══ Data ══
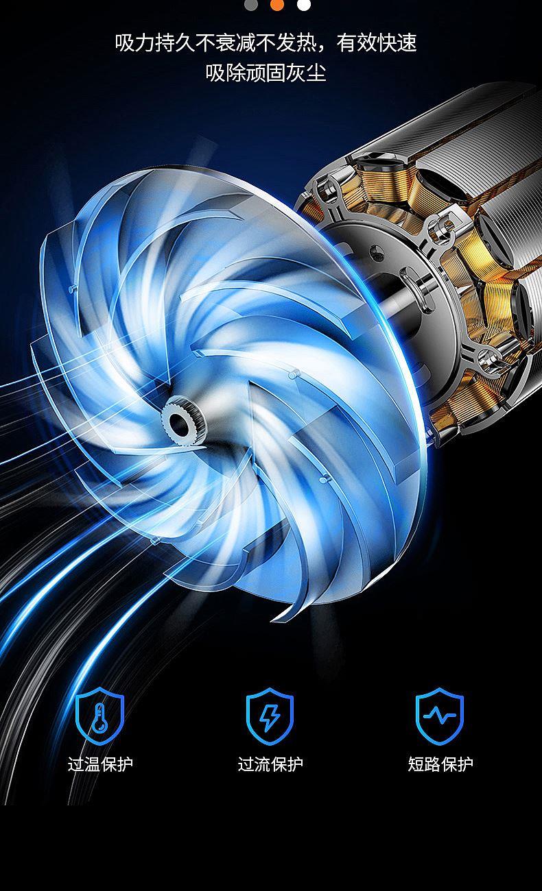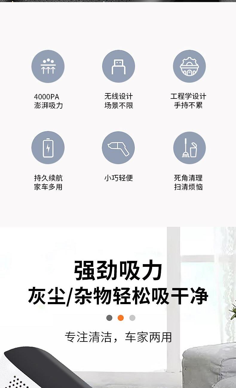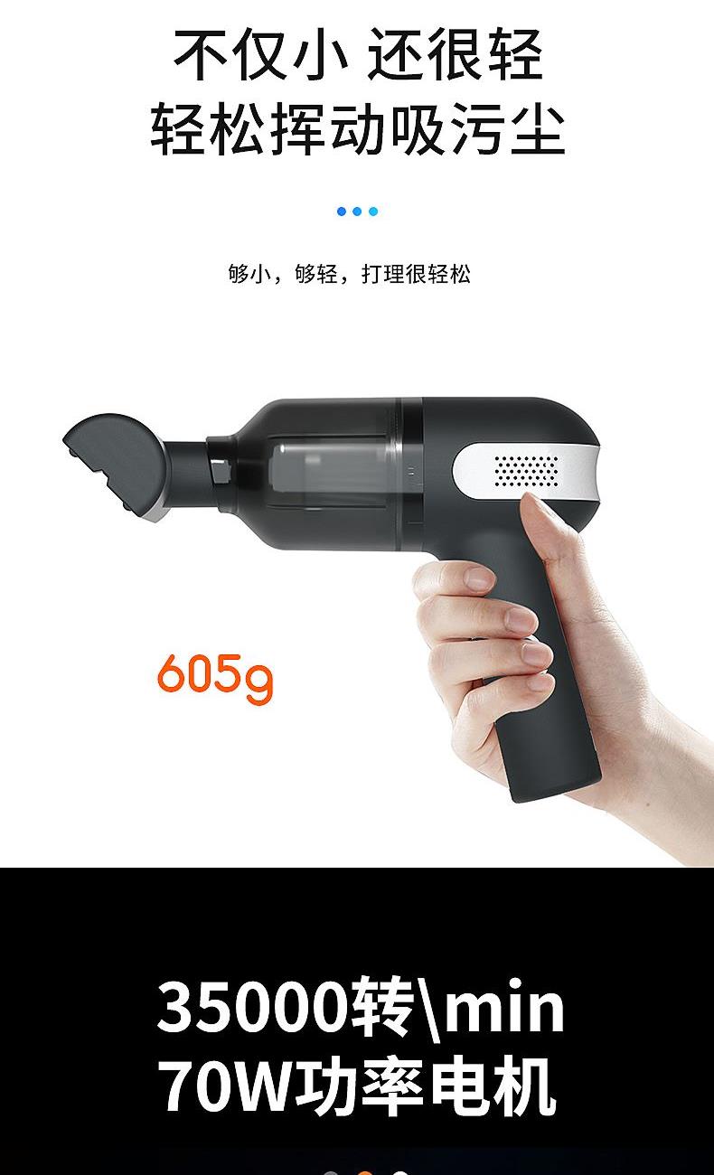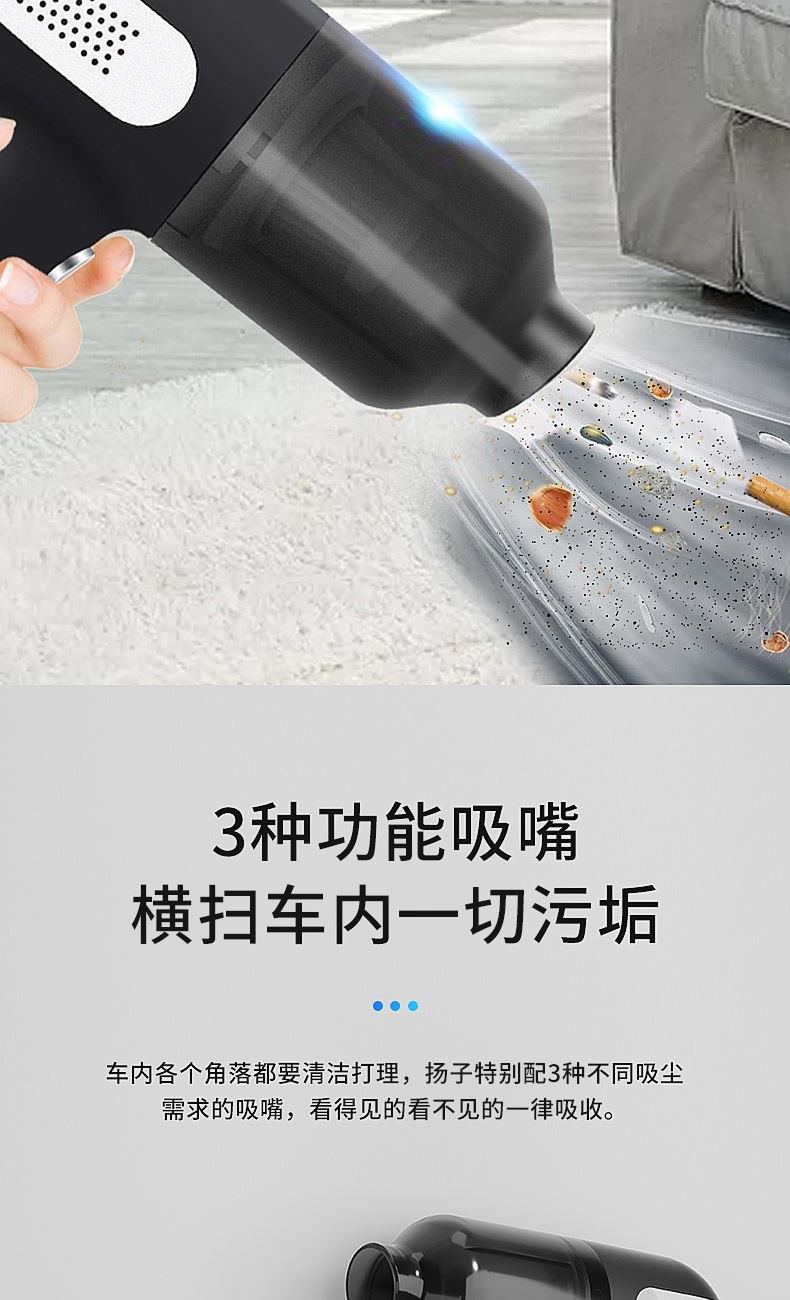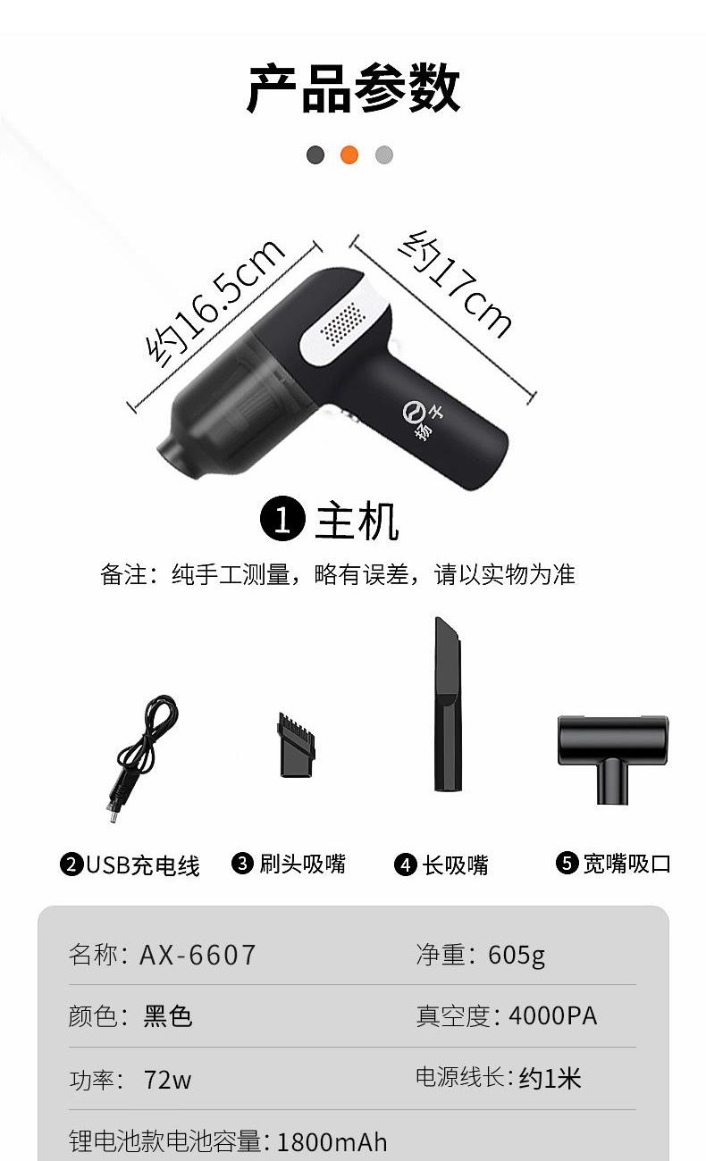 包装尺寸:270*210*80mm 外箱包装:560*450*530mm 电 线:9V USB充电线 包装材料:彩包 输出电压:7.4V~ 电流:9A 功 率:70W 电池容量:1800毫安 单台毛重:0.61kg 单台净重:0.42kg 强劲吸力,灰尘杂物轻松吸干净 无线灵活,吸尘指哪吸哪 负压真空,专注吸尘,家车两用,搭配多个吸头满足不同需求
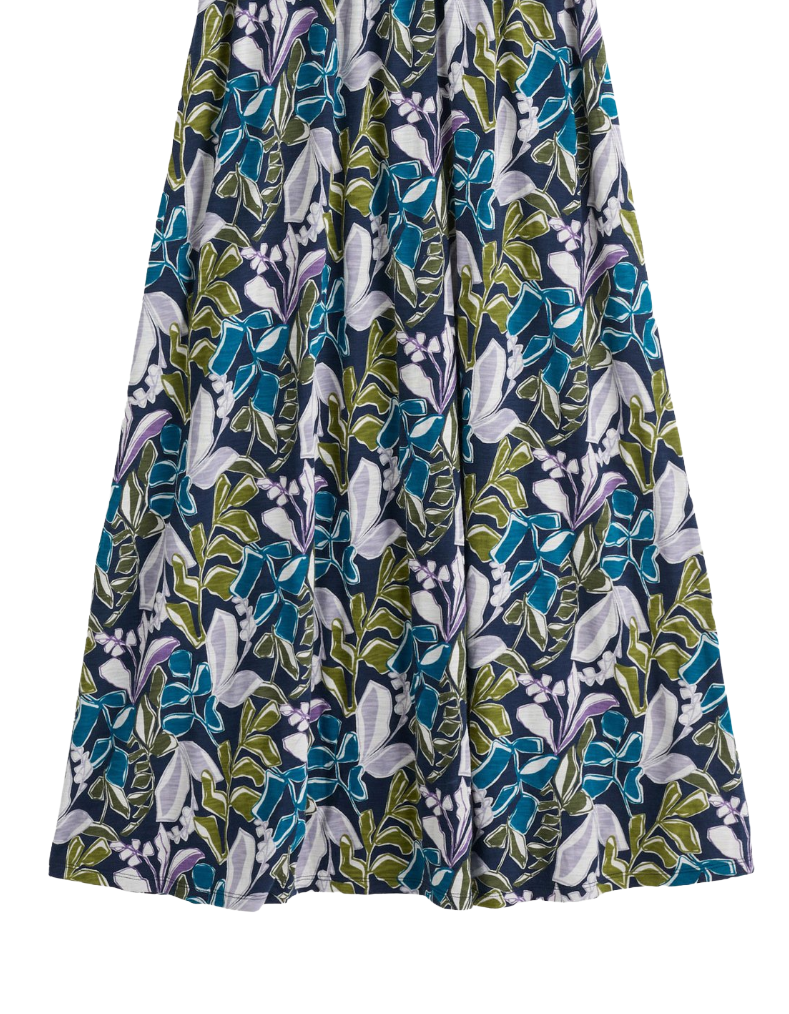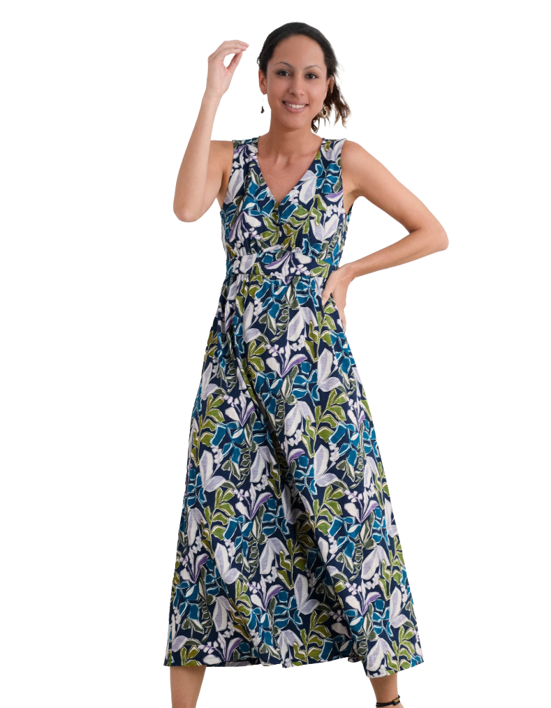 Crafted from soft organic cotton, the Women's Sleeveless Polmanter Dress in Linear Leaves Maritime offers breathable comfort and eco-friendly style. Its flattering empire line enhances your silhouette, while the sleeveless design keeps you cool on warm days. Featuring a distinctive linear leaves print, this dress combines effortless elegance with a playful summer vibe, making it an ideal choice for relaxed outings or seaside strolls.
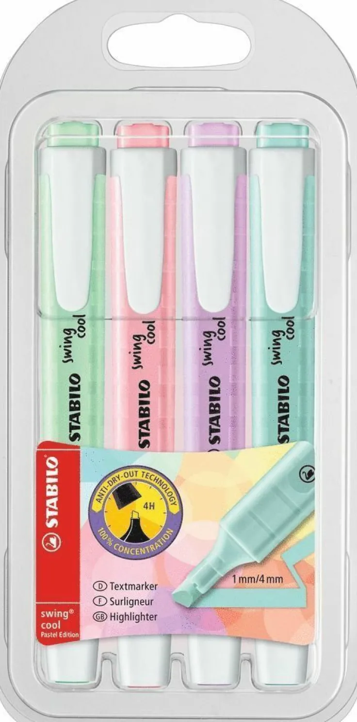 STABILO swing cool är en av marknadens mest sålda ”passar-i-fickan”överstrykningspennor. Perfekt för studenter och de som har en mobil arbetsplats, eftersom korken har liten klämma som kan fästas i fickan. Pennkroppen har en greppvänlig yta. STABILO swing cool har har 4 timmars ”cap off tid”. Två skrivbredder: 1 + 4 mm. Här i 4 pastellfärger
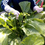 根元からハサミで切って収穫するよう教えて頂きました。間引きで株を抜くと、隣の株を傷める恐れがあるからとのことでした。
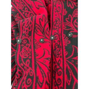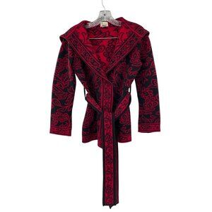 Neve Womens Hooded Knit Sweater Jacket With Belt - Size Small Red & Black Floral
═══
*What is being asked*: Excluding every picture, set down the listing exactly.

*Answer to this task*:
 包装尺寸:270*210*80mm 外箱包装:560*450*530mm 电 线:9V USB充电线 包装材料:彩包 输出电压:7.4V~ 电流:9A 功 率:70W 电池容量:1800毫安 单台毛重:0.61kg 单台净重:0.42kg 强劲吸力,灰尘杂物轻松吸干净 无线灵活,吸尘指哪吸哪 负压真空,专注吸尘,家车两用,搭配多个吸头满足不同需求
 Crafted from soft organic cotton, the Women's Sleeveless Polmanter Dress in Linear Leaves Maritime offers breathable comfort and eco-friendly style. Its flattering empire line enhances your silhouette, while the sleeveless design keeps you cool on warm days. Featuring a distinctive linear leaves print, this dress combines effortless elegance with a playful summer vibe, making it an ideal choice for relaxed outings or seaside strolls.
 STABILO swing cool är en av marknadens mest sålda ”passar-i-fickan”överstrykningspennor. Perfekt för studenter och de som har en mobil arbetsplats, eftersom korken har liten klämma som kan fästas i fickan. Pennkroppen har en greppvänlig yta. STABILO swing cool har har 4 timmars ”cap off tid”. Två skrivbredder: 1 + 4 mm. Här i 4 pastellfärger
 根元からハサミで切って収穫するよう教えて頂きました。間引きで株を抜くと、隣の株を傷める恐れがあるからとのことでした。
 Neve Womens Hooded Knit Sweater Jacket With Belt - Size Small Red & Black Floral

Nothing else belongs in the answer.